It's interesting because it highlights one of the foundation myths of
OSM; which is that it uses the "WGS84" co-ordinate system. This is a
convenient myth and if you're talking about only mapping to the nearest
5m then it is in effect true. However, once you start talking about
sub-metre accuracy it stops being true for a number of reasons:
1. Unless you are cleared by the US DoD you don't have access to this
level of accuracy.
2. If the accuracy of your GPS is supplemented by external data then
this is inevitably based on one of the realisations of the ITRS; which
is not "WGS84".
3. WGS84 is a semi-dynamic datum. Every 1st of January the USAF uploads
new co-ordinates for each of their ground control/monitoring stations
(where they will be at 1st July). Which means that every location in
WGS84 co-ordinates needs an epoch to indicate when the measurement was
taken but the database schema for OpenStreetMap doesn't have an entry
for this.
So what happens in OSM is that each country gets mapped to their local
approximation of WGS84. In North America this is NAD83, Europe has the
ETRS89 and the various national variations. The UK must be the most
confusing as the OS seems to be maintaining two system OSGB36 and OS Net
but a least they are far enough apart to be obvious.

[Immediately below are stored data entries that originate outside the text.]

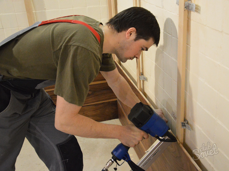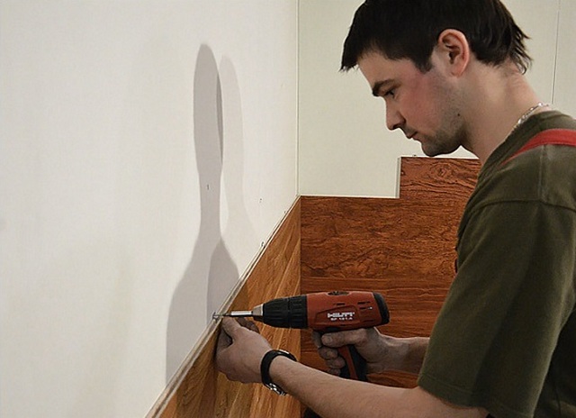 - Die kompetente Installation beginnt in der unteren Ecke des Produkts. Ferner wird das Verfahren zum Befestigen von MDF in der Richtung fortgesetzt, bis es anhält. Die folgenden Zeilen sind auf die gleiche Weise gestapelt.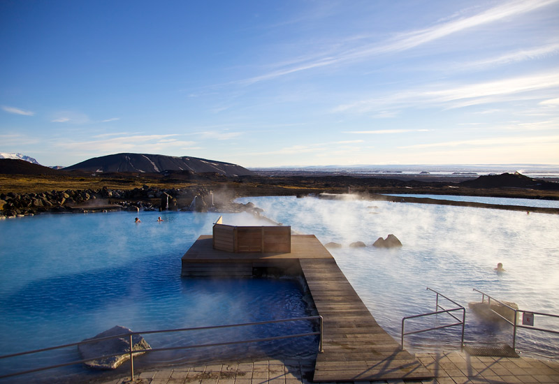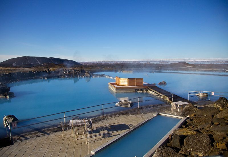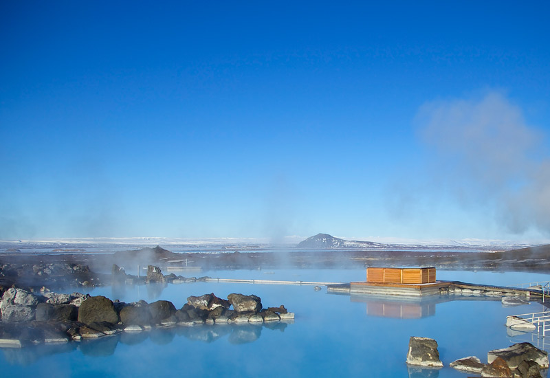 Mývatns naturbad (Jarðböðin) ligger mitt i nordöstra Island, cirka 105 km (65 miles) söder om polcirkeln. Sjön Mývatn är ett helt unikt naturområde rikt på fågelliv och är en av Europas största naturskatter.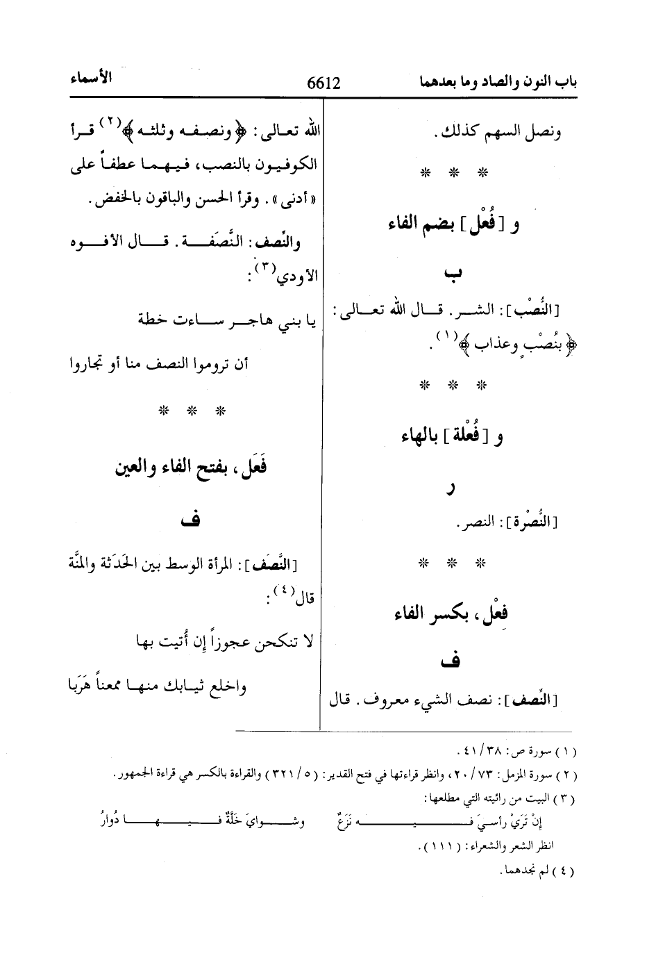 [النِّصف]: نصف الشيء معروف. قال اللّاه تعالى: وَنِصْفَهُ وَثُلُثَهُ «2» قرأ الكوفيون بالنصب، فيهما عطفاً على «أَدْنى». وقرأ الحسن والباقون بالخفض.

In Australia it means that we've been happily mapping to GDA94 and
ignoring the fact that we're racing north at something like 70-90 mm a
year. People mapping with consumer grade GPS are only within 5m anyway
so don't care. People with access to survey grade GPS understand the
difference and convert back to GDA94.
What difference will it make to OSM? It depends. If you're mapping some
where that has good quality aerial imagery and people have carefully
traced things then it's going to be obvious (https://goo.gl/sWWfYm). On
the other hand most of OSM in Australia can be described as roughly
sketched and if all you have is Bing imagery and some crudely traced
streets then I doubt you'll be able to tell (https://goo.gl/B7WVfz).
What to do about it? Unfortunately the changeover to GDA2020 is not
going to happen overnight, the plan is for a three year transition
starting in 2017. If it did happen overnight then we could just shift
all of the nodes in Australia to their new positions can keep on
mapping. What's actually going to happen is that the various different
organizations are going to switch at different times and the situation
for aerial imagery mosaics will be interesting if they aren't
retrospectively re-projected (you'll have some places on GDA2020 and
others still on GD94). So I'm guessing the approach of wait and see
might be the one to take. Obviously if organizations start releasing
data in GDA2020 and people start importing it into OSM we're going to
have to make the call: move everything to GDA2020 or convert imports
back to GDA94? It's only going to be a real issue once we get access to
aerial imagery that's in GDA2020 or people get general access to GPS
with decimetre accuracy.
Whatever we do it'll be a good test to see what should happen in OSM
when NAD83 gets replaced by 2022 and everything in the USA moves 1~1.5m
(http://www.geodesy.noaa.gov/datums/newdatums/index.shtml).
On 29/7/16 22:40, Andy Mabbett wrote:
See you when you reach England ;-)
http://www.bbc.co.uk/news/technology-36912700
But seriously: what impact might this have, on OSM?